### TASK DIRECTIONS
Exactly as they appear below, repeat the lines from the one with "Our customer who" through the one with "BISCUIT est un". Drop every picture.

[Opening MATERIAL SUPPLIED section]

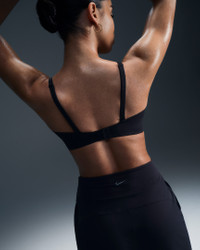 Find your bliss in these lightweight, moisture-wicking pants. The wide, stretchy waistband offers support while sleek, featherlight fabric–with plenty of stretch–flows with you so you can move without boundaries. Tapered legs with ribbed cuffs help keep these relaxed joggers in place no matter how you move. Benefits - Nike Dri-FIT technology moves sweat away from your skin for quicker evaporation, helping you stay dry and comfortable. - Drop-in pockets provide quick storage for your essentials. Product Details - 80% nylon/20% spandex - Mid-rise waistband - 7/8 length - Machine wash - Imported - Shown: Black/Clear - Style: DV9453-010 SIZE & FIT Model is wearing size S and is 5′7″170cm Standard fit: easy and traditional 78 length: hits at ankle
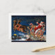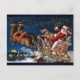 Surprise your family and friends with a charming vintage Christmas card featuring Santa Claus riding his sleigh full of toys above a winter town.
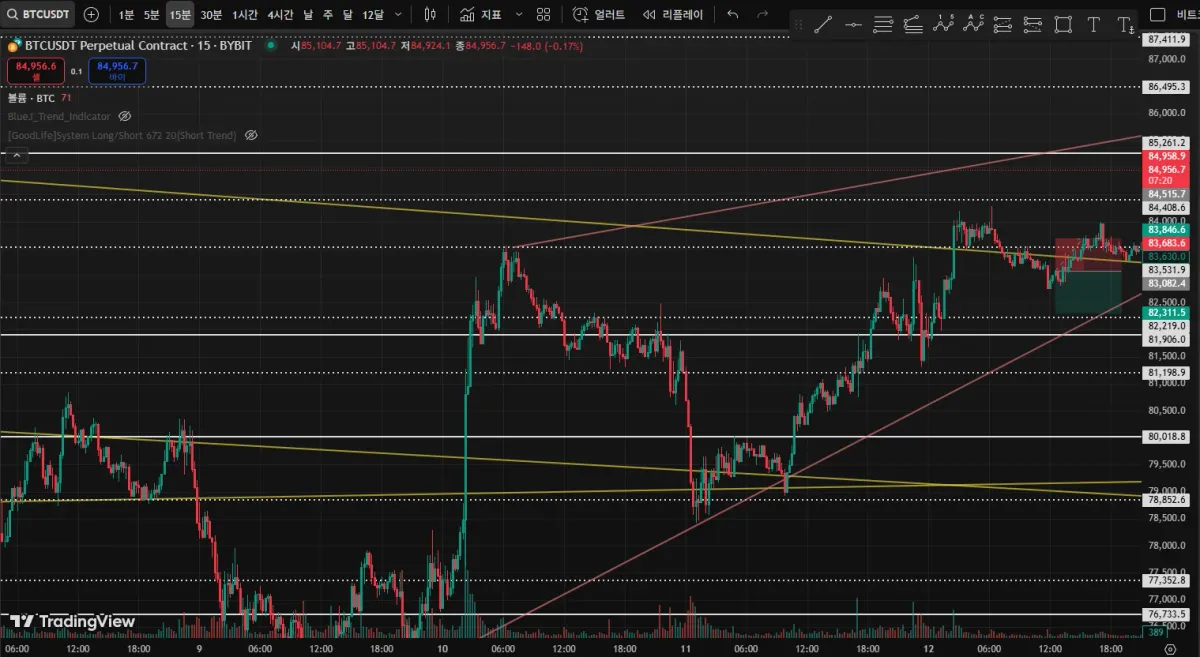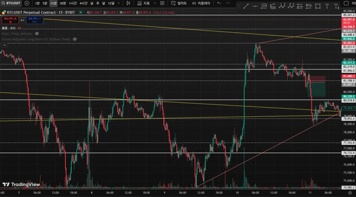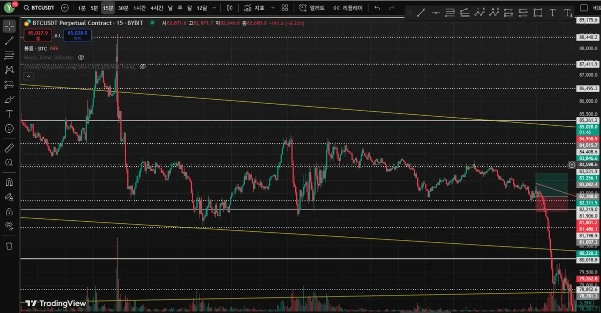 - 단기 변동성이 크게 확인되어 15분 2개 봉만에 손절나고 다시 제자리로 회귀
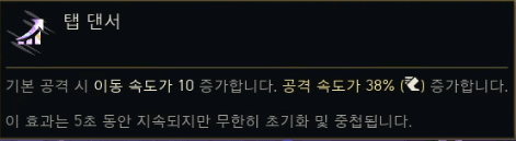 | 탭 댄서 (Tap Dancer) | 기본 공격 시 이속 +10 (무한 중첩). 이속 1%당 공속 1% 증가. | 이동 속도, 공격 속도 |
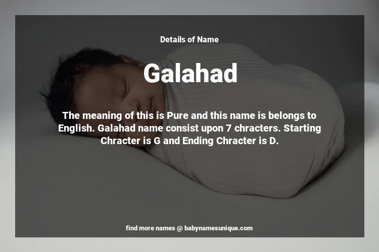 The name Galahad is chosen by those who are willing to find Unique Boy Baby Names. The meaning of this is Pure and this name is belongs to English Origin. Baby Name Galahad consist upon 7 chracters. Starting alphabet is G and ending alphabet is D. This name is used primarily by parents who are considering unique baby names for Boy. The Zodiac Sign suitbale for this name are;
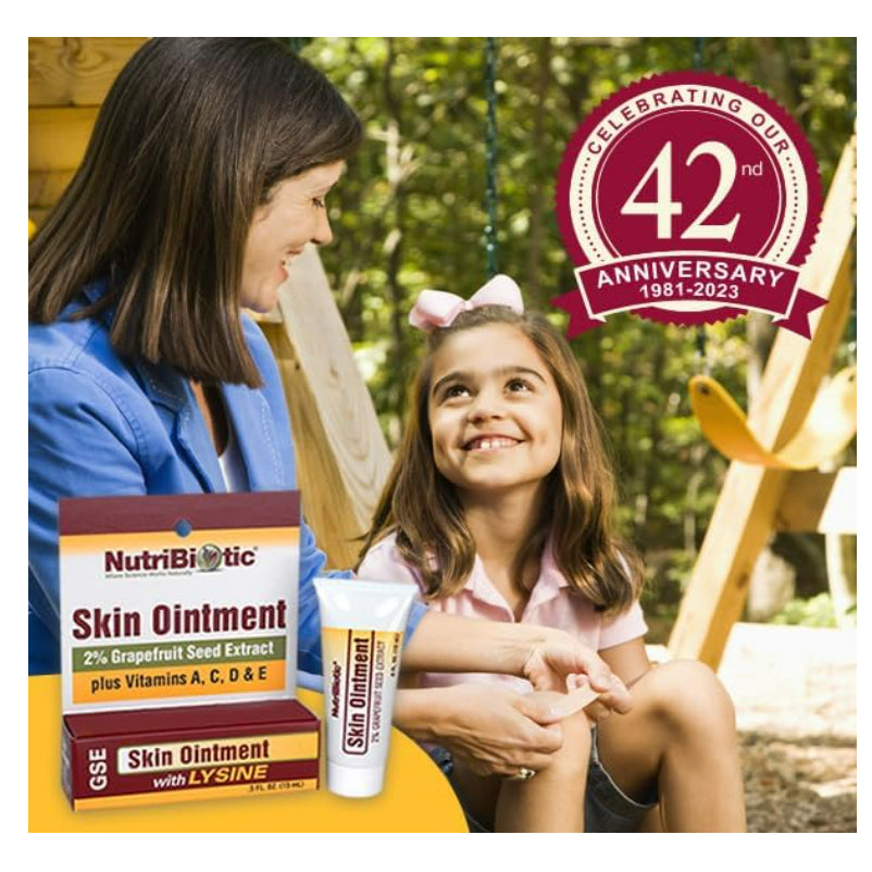 NutriBiotic® Skin Ointment is designed for most minor skin irritations and to help support healthy tissue. Contains lysine, 2% Citricidal brand grapefruit seed extract, and Vitamins A, C, D & E. These ingredients are used by healthcare professionals worldwide.
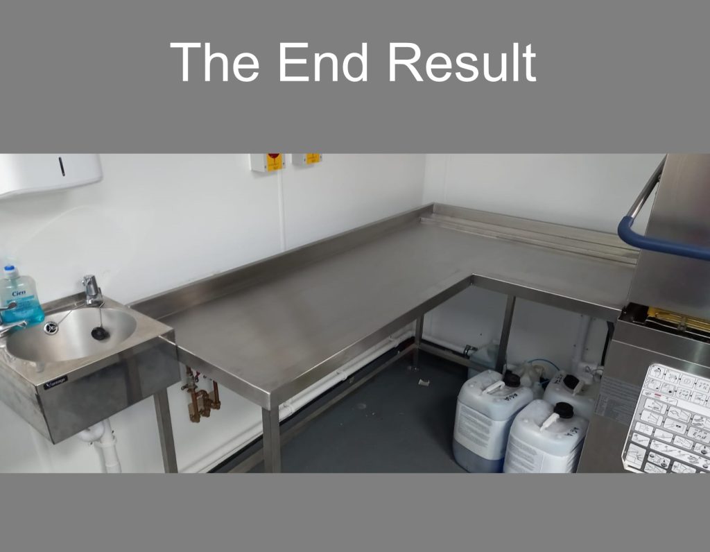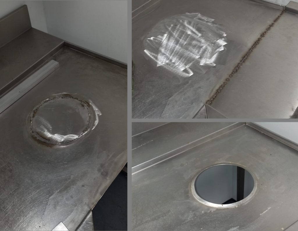 Our customer who has a very busy kitchen with over 800 cover per day requested some onsite alterations to their dishwash area, they were looking to create a better work flow for their staff. The bin chute on the inlet tabling was the first thing to be addressed, the hole was filled in, welded and polished, then existing tabling was joined, welded and polished to create an L shape work space. Additionally, new hole was cut and the bin chute was re-positioned at the end of the tabling.
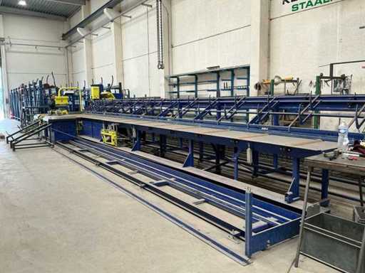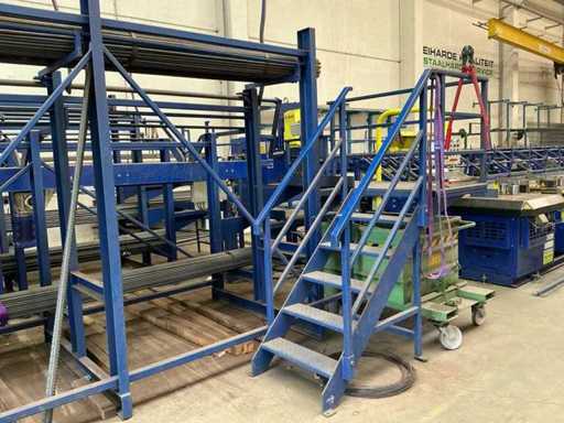 -Lié à la ligne de coupe. Équipé d’un convoyeur à rouleaux à commande hydraulique, d’un système de transfert automatique, d’un double pliage automatique et d’un système d’éjection dans des compartiments de pré-tri automatique.
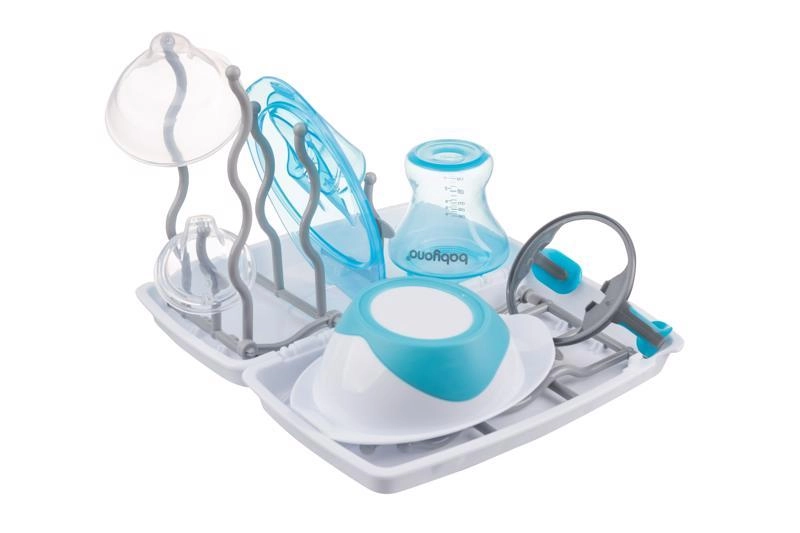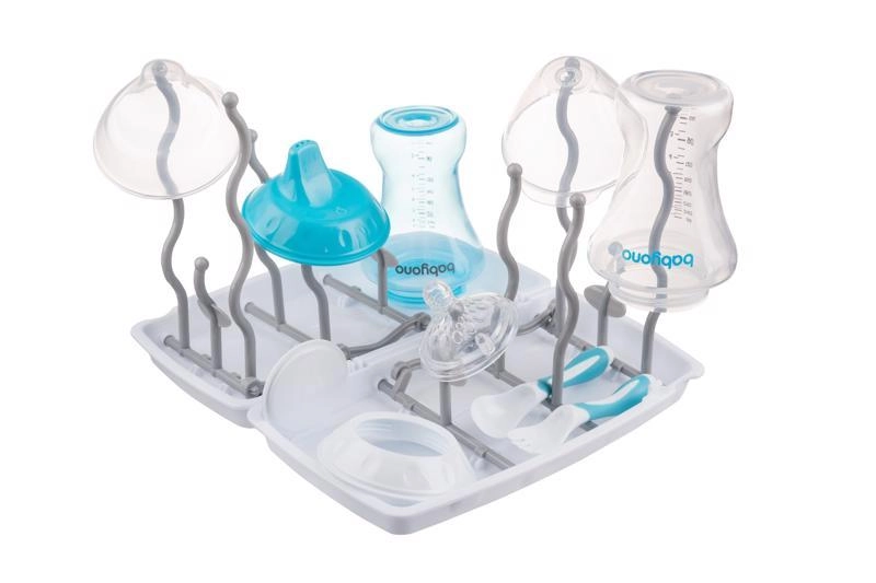 Univerzálna konštrukcia je kompatibilná so všetkými bežnými dojčenskými fľašami a príslušenstvom. Skladacie prvky ušetria miesto v skrinke aj v cestovnej taške. Stojan je vyrobený z bezpečných, odolných materiálov bez BPA a ľahko sa čistí ručne aj v umývačke.
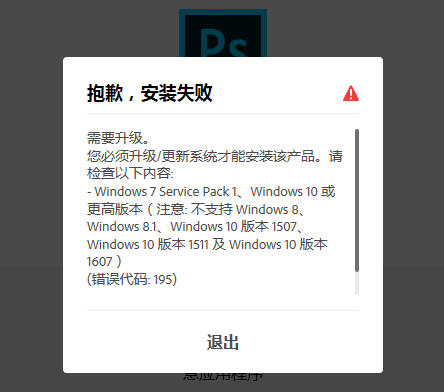 您必须升级/更新系统才能安装该产品。请检查以下内容Windows 7 Service Pack 1、Windows10或更高版本(注意:不支持Windows 8、Windows 8.1、Windows 10版本1507、Windows 10版本1511及Windows10版本1607)(错误代码:195)
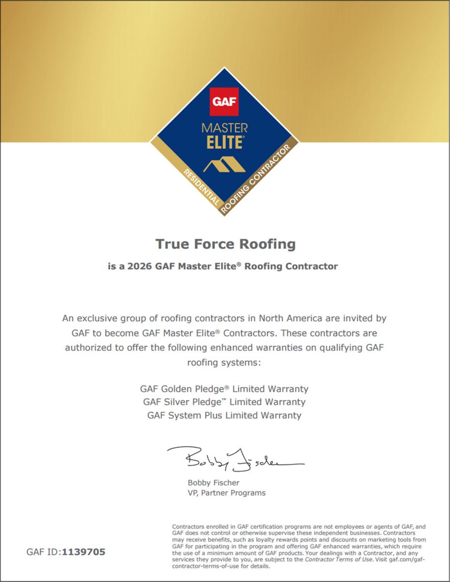 True Force Roofing stands among the highly select group of roofers in North America invited by GAF to become GAF Certified Master Elite Contractors. The certification requirements must be satisfied annually in order to remain in the program.
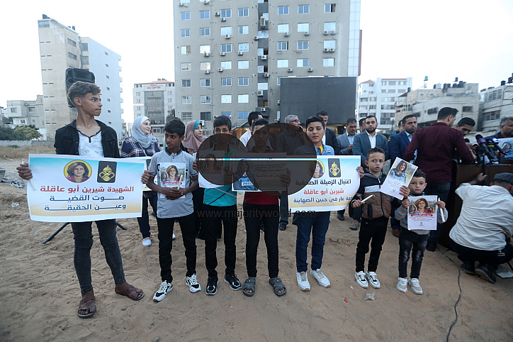 • Description: Gaza City, Palestine. 11th May 2022. Members and families of the Palestinian Journalists Syndicate take part in a protest in Gaza City to denounce the killing of Al Jazeera reporter Shireen Abu Akleh. Abu Akleh, 51, a prominent figure in the Arabic news service of Al-Jazeera channel was shot dead earlier today during a confrontation between Israeli soldiers and Palestinians in the West Bank City of Jenin.
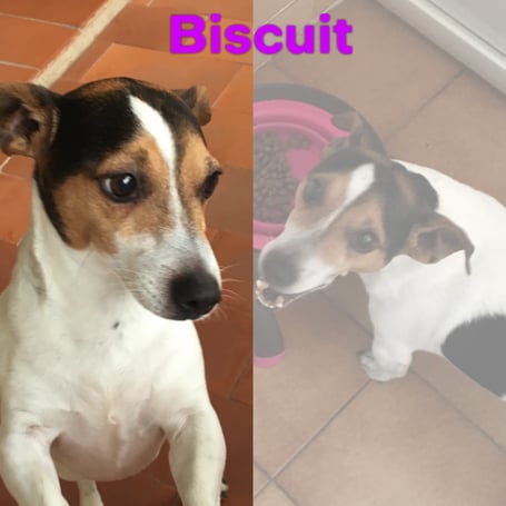 BISCUIT est un chien de type Jack Russell, non lof, tricolore. Il est castré, vacciné et identifié 250268712568082. Il a aussi été vermifugé et a eu son anti-puces. Il a 8 ans environ. Il a un certificat de bonne santé établi par le vétérinaire.
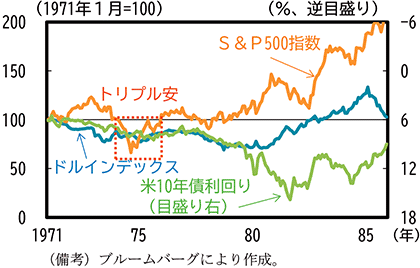 過去、これらの赤字拡大がドルの信認低下を引き起こした例として、1970年代後半から1985年のプラザ合意にかけての動きが挙げられる(図1、図2、図3)。1971年に金本位制が終焉を迎え、各国通貨が変動相場へと移行する中、米ドルを始めとする米資産への信認は低下しつつあった。また、1970年代半ばにかけてベトナム戦争に伴う多額の国防費を支出しており、財政赤字拡大・物価上昇の局面にあった。加えて1970年後半に2度のオイルショックを経験し、消費者物価上昇率は一時前年比14.8%(1980年3月)まで上昇した。その結果、第一次オイルショック後の1973~76年頃には、株式市場が軟調な中でも米ドル、米国債は売られ続けた(トリプル安)。

[Closing MATERIAL SUPPLIED section]

### ANSWER SECTION
 Our customer who has a very busy kitchen with over 800 cover per day requested some onsite alterations to their dishwash area, they were looking to create a better work flow for their staff. The bin chute on the inlet tabling was the first thing to be addressed, the hole was filled in, welded and polished, then existing tabling was joined, welded and polished to create an L shape work space. Additionally, new hole was cut and the bin chute was re-positioned at the end of the tabling.
 -Lié à la ligne de coupe. Équipé d’un convoyeur à rouleaux à commande hydraulique, d’un système de transfert automatique, d’un double pliage automatique et d’un système d’éjection dans des compartiments de pré-tri automatique.
 Univerzálna konštrukcia je kompatibilná so všetkými bežnými dojčenskými fľašami a príslušenstvom. Skladacie prvky ušetria miesto v skrinke aj v cestovnej taške. Stojan je vyrobený z bezpečných, odolných materiálov bez BPA a ľahko sa čistí ručne aj v umývačke.
 您必须升级/更新系统才能安装该产品。请检查以下内容Windows 7 Service Pack 1、Windows10或更高版本(注意:不支持Windows 8、Windows 8.1、Windows 10版本1507、Windows 10版本1511及Windows10版本1607)(错误代码:195)
 True Force Roofing stands among the highly select group of roofers in North America invited by GAF to become GAF Certified Master Elite Contractors. The certification requirements must be satisfied annually in order to remain in the program.
 • Description: Gaza City, Palestine. 11th May 2022. Members and families of the Palestinian Journalists Syndicate take part in a protest in Gaza City to denounce the killing of Al Jazeera reporter Shireen Abu Akleh. Abu Akleh, 51, a prominent figure in the Arabic news service of Al-Jazeera channel was shot dead earlier today during a confrontation between Israeli soldiers and Palestinians in the West Bank City of Jenin.
 BISCUIT est un chien de type Jack Russell, non lof, tricolore. Il est castré, vacciné et identifié 250268712568082. Il a aussi été vermifugé et a eu son anti-puces. Il a 8 ans environ. Il a un certificat de bonne santé établi par le vétérinaire.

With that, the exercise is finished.